Trivia Dominoes II — Play Off the Last Bit of Trivia — continued! (Part 1)

Clouds of Witness, the second Lord Peter Wimsey novel by Dorothy Sayers, published in 1926, involves a trial in the House of Lords. The book’s title comes from Hebrews 12:1: “Wherefore seeing we also are compassed about with so great a cloud of witnesses, let us lay aside every weight, and the sin which doth so easily beset us, and let us run with patience the race that is set before us.”

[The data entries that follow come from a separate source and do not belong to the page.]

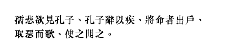 유비(孺悲)가 孔子를 뵙고자 하였는데, 孔子께서는 병이 있다고 사양하시고 명령을 전달하는 자가 문밖으로 나가자, 瑟을 가져다가 타면서 노래를 부르시어 그(孺悲)로 하여금 듣게 하셨다.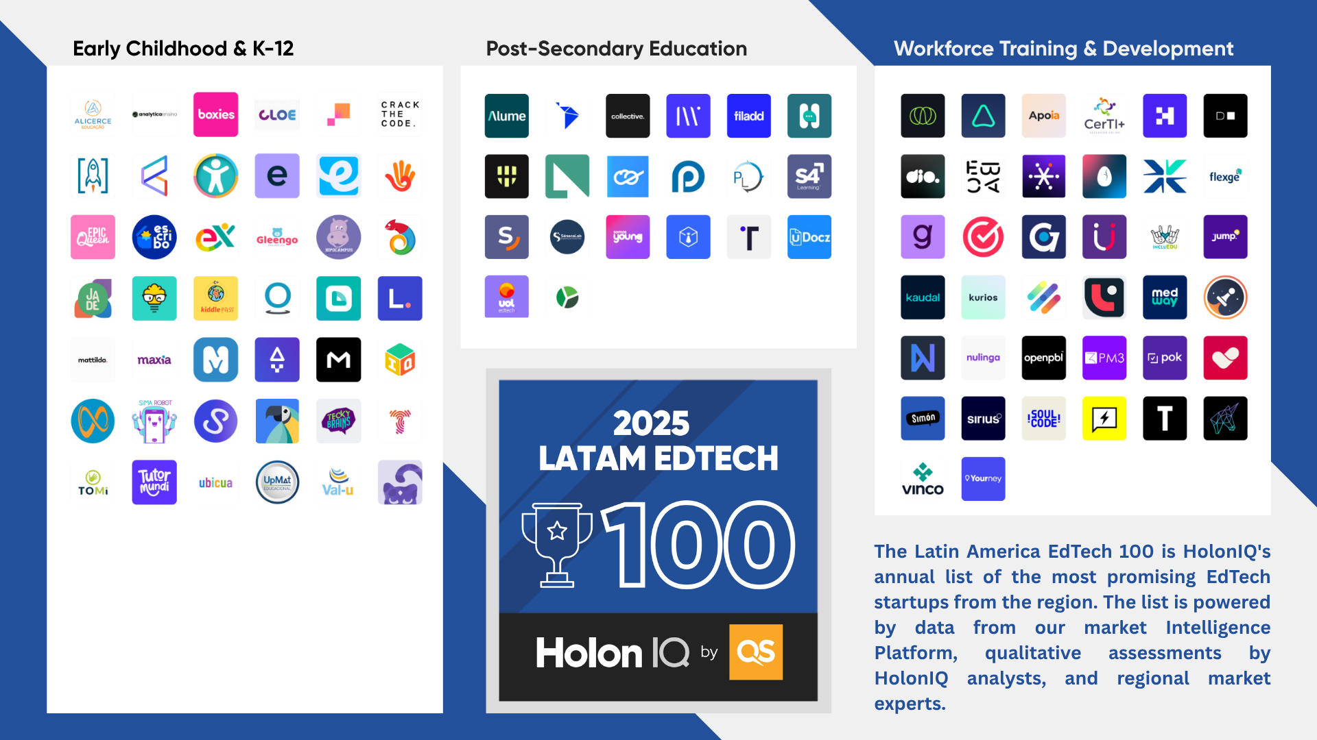 The 2025 Latin America EdTech 100 highlights the region’s most promising startups in education technology, and this year’s cohort reflects a dynamic but maturing ecosystem strong in Workforce and K-12, where systems, support, and skills remain central. While the market continues to prioritize scalable solutions, a younger generation of startups is beginning to emerge—signaling the early stages of a new innovation cycle.
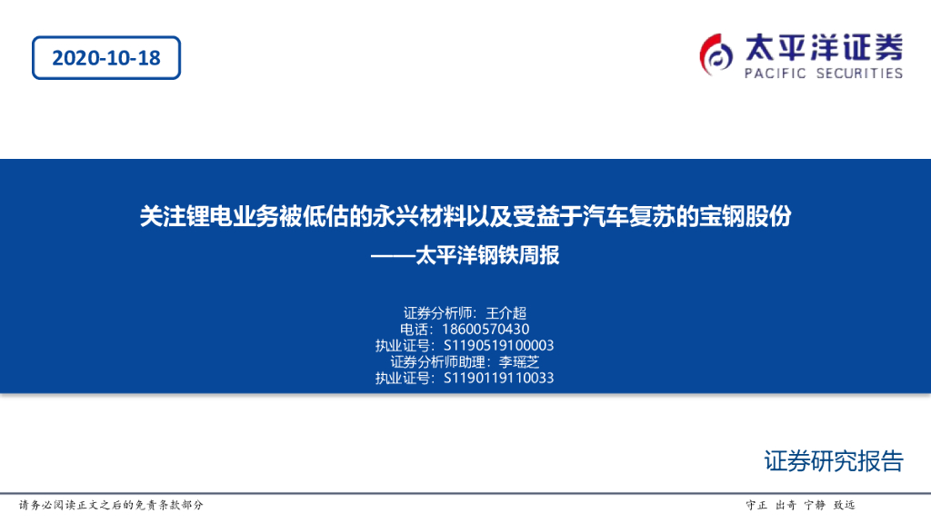 太平洋证券:太平洋钢铁周报:关注锂电业务被低估的永兴材料以及受益于汽车复苏的宝钢股份.pdf

The character of Dorothy Gale (The Wizard of Oz) was likely named after L. Frank Baum’s own niece, Dorothy Louise Gage, who died in infancy. Baum’s wife was very attached to her and was deeply grieved by her death, so there is speculation that Baum inserted her name into his stories as a memorial.

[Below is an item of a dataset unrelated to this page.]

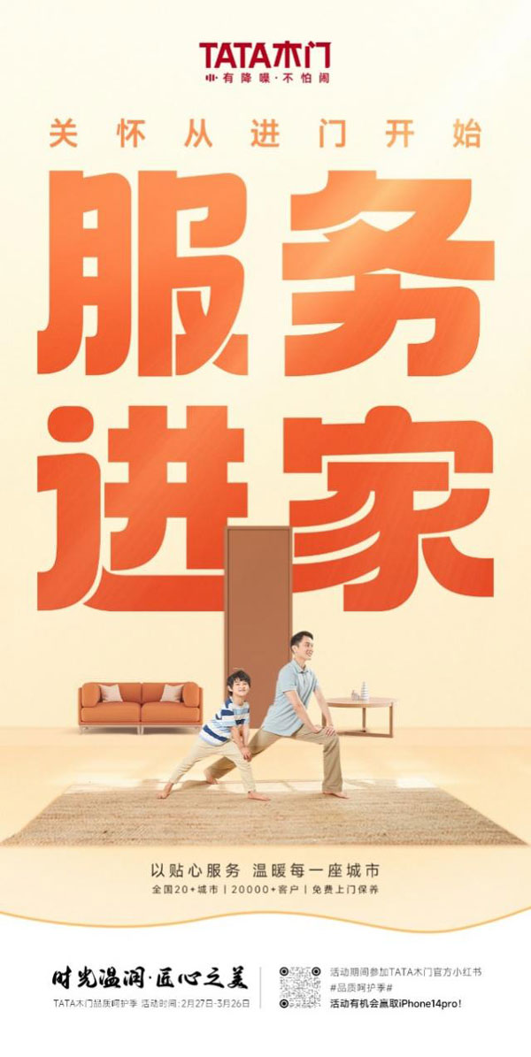 與此同時(shí),TATA木門(mén)延續(xù)了往年的服務(wù)月活動(dòng),特別為全國(guó)20多座城市,20000多位用戶提供免費(fèi)上門(mén)保養(yǎng)服務(wù),用實(shí)際行動(dòng)傳遞著品牌的溫度。除此之外,為回饋新老用戶,TATA木門(mén)推出木門(mén)放心購(gòu)活動(dòng),以超值的價(jià)格全新讓利于消費(fèi)者,打通全平臺(tái)銷(xiāo)售通道,讓消費(fèi)者能夠以最值的價(jià)格獲得最優(yōu)質(zhì)的品質(zhì)和服務(wù)。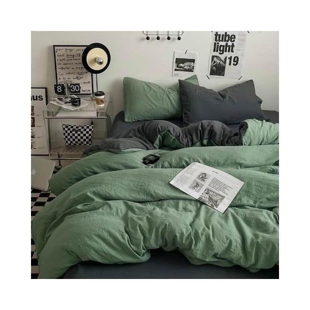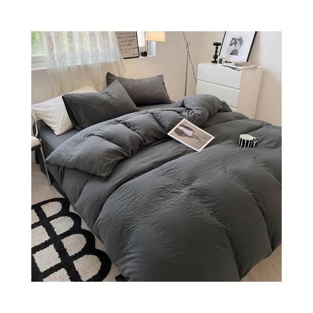 多彩家居 素色水洗棉床包被套組 親膚裸睡床包組 床包高35公分舒柔棉床罩組 單人床罩三件組 標準加大雙人床單被套組 枕套

Reginald Hargreaves the father figure of the comic and Netflix serial “The Umbrella Acadamy” was named after husband of Alice Liddel (the basis for Alice in Wonderland).

Sir Reginald “Rex” Harrison won two Tony Awards, for Best Lead Actor in a Play (Anne of the Thousand Days) and Best Lead Actor in a Musical (My Fair Lady).

In My Fair Lady, Rex Harrison played Professor Henry Higgins, a cultured English gentleman who falls in love with working-class girl Eliza Doolittle; three years later Harrison played a remarkable veterinarian named Dr. John Dolittle.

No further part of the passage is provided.